Answer
The surface area is $S = \frac{{64\pi }}{3}$.
Work Step by Step
We have
$x\left( t \right) = t - \sin t$, ${\ \ \ }$ $x'\left( t \right) = 1 - \cos t$,
$y\left( t \right) = 1 - \cos t$, ${\ \ \ }$ $y'\left( t \right) = \sin t$.
The $x$-interval for one arch of the cycloid is $0 \le x \le 2\pi $ as is shown in Figure 25 of Exercise 97 (Section 12.1). The corresponding $t$-interval is $0 \le x \le 2\pi $.
By Eq. (4) of Theorem 3, the surface obtained by rotating $c\left(t\right)$ about the $x$-axis for $0 \le x \le 2\pi $ has surface area:
$S = 2\pi \mathop \smallint \limits_0^{2\pi } \left( {1 - \cos t} \right)\sqrt {{{\left( {1 - \cos t} \right)}^2} + {{\left( {\sin t} \right)}^2}} {\rm{d}}t$
$S = 2\pi \mathop \smallint \limits_0^{2\pi } \left( {1 - \cos t} \right)\sqrt {2\left( {1 - \cos t} \right)} {\rm{d}}t$
$S = 2\sqrt 2 \pi \mathop \smallint \limits_0^{2\pi } {\left( {1 - \cos t} \right)^{3/2}}{\rm{d}}t$
Since $2{\sin ^2}\frac{t}{2} = 1 - \cos t$, we get
$S = 2\sqrt 2 \pi \left( {{2^{3/2}}} \right)\mathop \smallint \limits_0^{2\pi } {\sin ^3}\frac{t}{2}{\rm{d}}t$
$S = 8\pi \mathop \smallint \limits_0^{2\pi } {\sin ^3}\frac{t}{2}{\rm{d}}t$.

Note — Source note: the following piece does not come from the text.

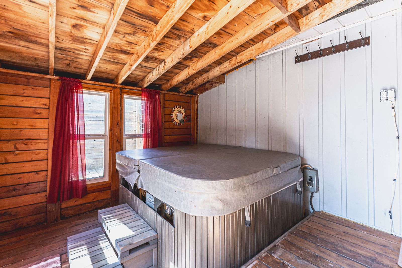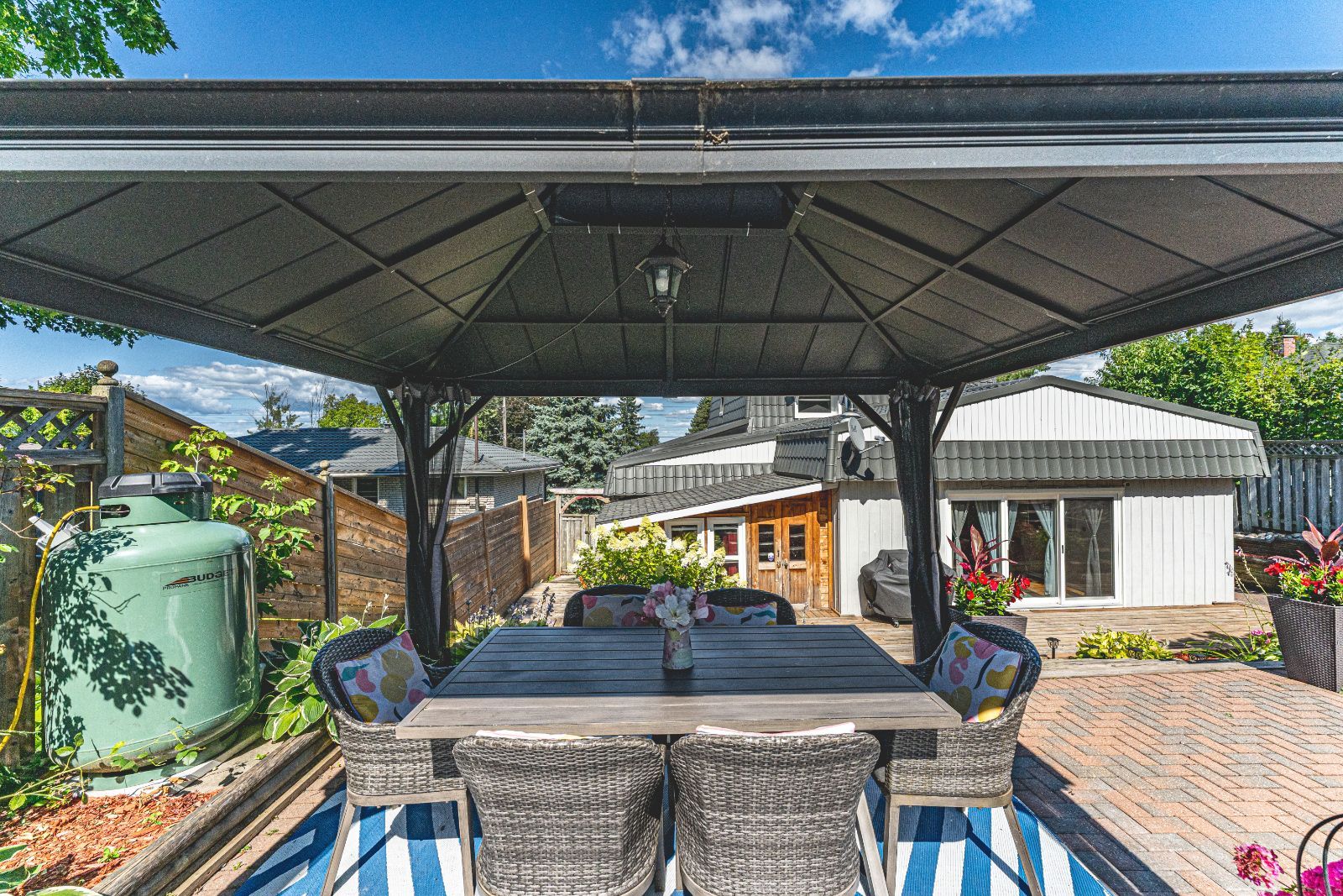 Packed with personality, upgrades, & an entertainer's dream backyard, this home is anything but ordinary! This property brings the wow factor from the moment you arrive, offering over 2,200 finished square feet, a stunning backyard with a pool and hot tub, and standout curb appeal on a beautifully landscaped 56 x 180 ft lot. The exterior showcases brick and metal siding, decorative railings, twin dormer windows, and a covered front porch. A spacious turnaround driveway provides loads of parking, complemented by a 2-car tandem garage with multiple access points. Significant improvements include updated windows, furnace, metal roof, and a newer pool shed roof. The backyard is built for entertaining with an 18 x 36 ft inground chlorine pool featuring a newer propane heater that can be converted to natural gas, a newer solar blanket, and a winter safety cover. A pool shed opens up to create a bar area, paired with a metal gazebo and hot tub for the ultimate outdoor setup. The generous main level offers excellent potential to make a main-floor primary suite if desired. Interior updates include fresh paint, newer carpet on the upper level, newer washer and dryer, updated lighting, modernized backsplash, updated faucets, and a refreshed 2-piece main floor bathroom. The family room features a gas fireplace and a newer sliding glass walkout that fills the space with natural light and opens directly to the backyard. Additional highlights include a main floor sauna with stand-up shower combined with laundry, a partially finished basement with a large rec room hosting a second gas fireplace, barn board accents, and two staircases, including a retro spiral showpiece. Located close to parks, shopping, dining, daily essentials, the waterfront, scenic trails, the marina, and more. A true staycation-style #hometostay that delivers inside and out, with everything you need within easy reach.
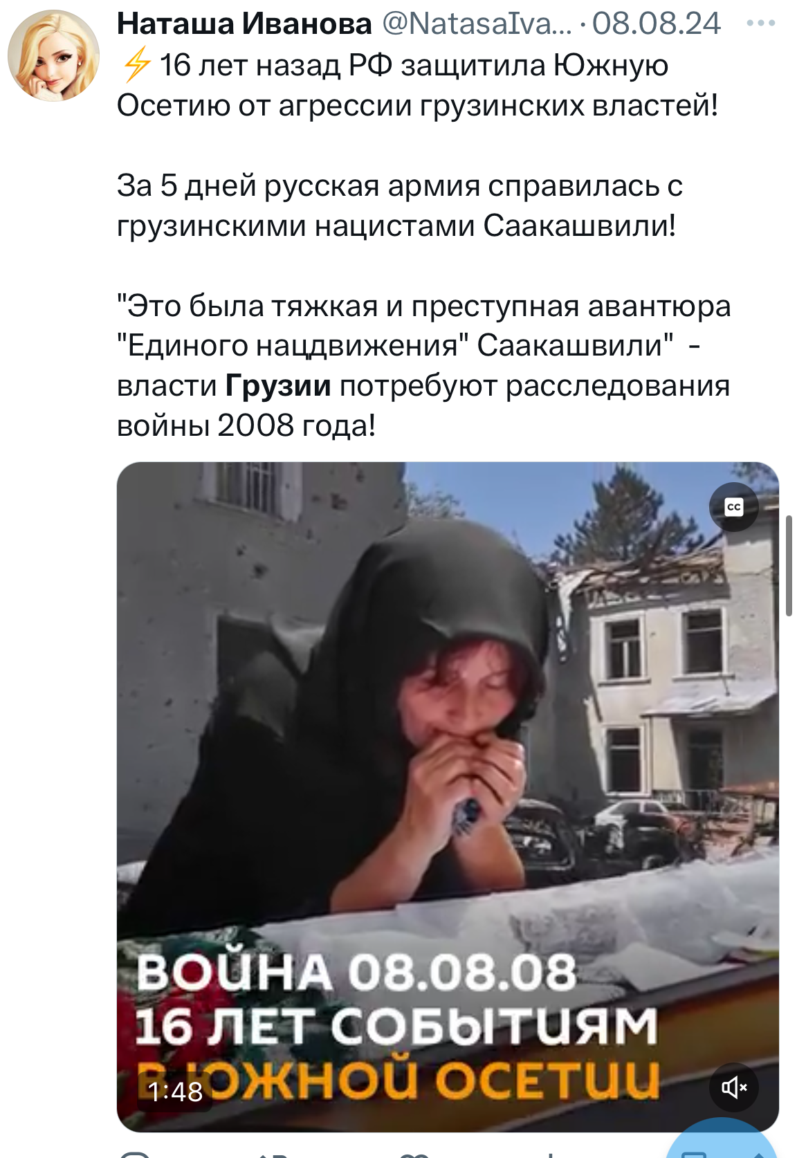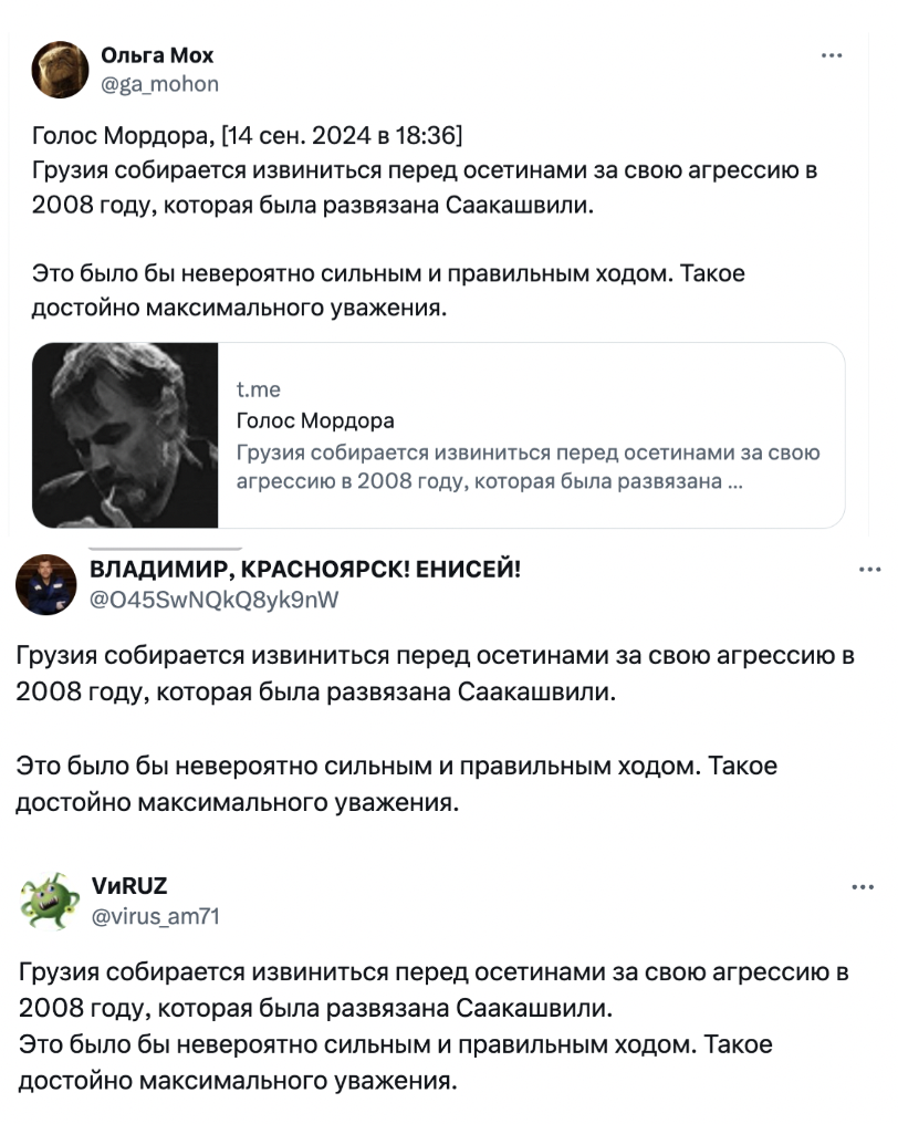 აღსანიშნავია, რომ 2024 წლის 8 აგვისტოს იგივე კრემლისტურ ანგარიშებზე გაზიარებული იყო გზავნილი „რუსეთმა დაიცვა სამხრეთ ოსეთი და გაანადგურა სააკაშვილის ნაცისტები“. მსგავსი პოსტი რუსეთის საგარეო საქმეთა სამინისტროს პროფილზეც გამოქვეყნდა.

Let $u = \frac{t}{2}$. So, $du = \frac{1}{2}dt$. The integral becomes
$S = 16\pi \mathop \smallint \limits_0^\pi {\sin ^3}u{\rm{d}}u$.
Note that this integral has been evaluated in Example 1 of Section 8.2 (page 397), that is:
$\smallint {\sin ^3}x{\rm{d}}x = \frac{{{{\cos }^3}x}}{3} - \cos x + C$
So,
$S = 16\pi \left( {\frac{{{{\cos }^3}x}}{3} - \cos x} \right)|_0^\pi = 16\pi \left( { - \frac{1}{3} + 1 - \frac{1}{3} + 1} \right) = \frac{{64\pi }}{3}$.